On August 23, 2007, the SEC entered into a settlement with Textron Inc., a Rhode Island-based industrial equipment company, for violations of the FCPA’s books and records and internal controls provisions by its wholly owned fifth-tier French subsidiaries. On the same day, the DOJ entered into a non-prosecution agreement with Textron relating to the same conduct. Two of Textron’s French subsidiaries allegedly authorized and made kickback payments in connection with their sale of humanitarian goods to Iraq under the OFFP. Like York, Textron was alleged to have paid bribes in connection with other transactions unrelated to the OFFP—another case in which the OFFP investigations seem to be resulting in companies finding other improper conduct in their business operations.

Paradigm, B.V.

On September 21, 2007, the DOJ announced a deferred prosecution agreement with Paradigm B.V., relating to improper payments made through agents in Kazakhstan, China, Mexico, Nigeria and Indonesia. Paradigm is a Netherlands company that was considered a “domestic concern” under the FCPA because its principal place of business had been gradually relocated to Houston from its prior location in Herzliya, Israel. This case is noteworthy because the facts were discovered during due diligence in connection with the company’s initial public offering, which resulted in a voluntary disclosure to the DOJ. In addition, the DOJ did not require an independent compliance monitor but instead permitted Paradigm to engage its own counsel to review its compliance program and recommend enhancements.

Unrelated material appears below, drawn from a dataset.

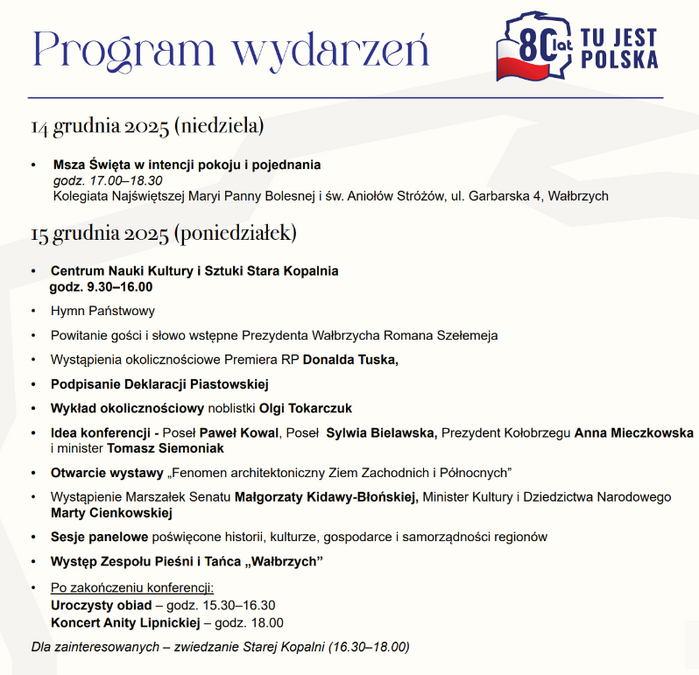 14 i 15 grudnia miasto Wałbrzych stanie się areną centralnych obchodów 80. rocznicy włączenia Ziem Zachodnich i Północnych do Rzeczypospolitej Polskiej. Wydarzenie zwieńczy koncert Anity Lipinickiej w Starej Kopalni. pokaż więcej »

FCPA Charges in SDNY Reinstated

On July 16, 2007, Judge Scheindlin reinstated some of the FCPA charges in the Southern District of New York against David Pinkerton and Frederic Bourke that she had earlier dismissed on statute of limitations grounds. Bourke and Pinkerton had been indicted for allegedly conspiring with Viktor Kozeny to bribe Azerbaijani officials in the privatization of Azerbaijan’s state-owned oil company. This is the first case to conduct a detailed analysis of the tolling provisions applicable to the FCPA for situations in which the government seeks evidence from foreign countries. The court had held that the DOJ must apply for and receive a tolling order prior to the termination of the initial statute of limitations. In another part of the opinion, the court also suggested that a defendant’s knowledge of a preexisting corrupt payment that benefits him may be sufficient to create liability under the FCPA. After a request for reconsideration by the government, the court reinstated FCPA charges that occurred within the limitations period.

The FCPA’s Antibribery and Accounting Provisions

The FCPA’s antibribery provisions make it unlawful for any issuer, domestic concern or person acting within the United States to offer or make a payment of anything of value directly or indirectly to a foreign official, international organization, political party, party official, or any candidate for public office, for the purpose of influencing that official to assist in obtaining or retaining business.[i] A covered company can be held liable for payments made on its behalf by agents or distributors.

The FCPA’s accounting provisions require companies with securities listed in US trading markets to keep books, records and accounts that accurately and fairly reflect any transaction and disposition of assets in reasonable detail, and to maintain an adequate system of internal accounting controls.[ii] A covered company is responsible for ensuring that its controlled subsidiaries, including foreign subsidiaries, comply with the FCPA’s accounting provisions.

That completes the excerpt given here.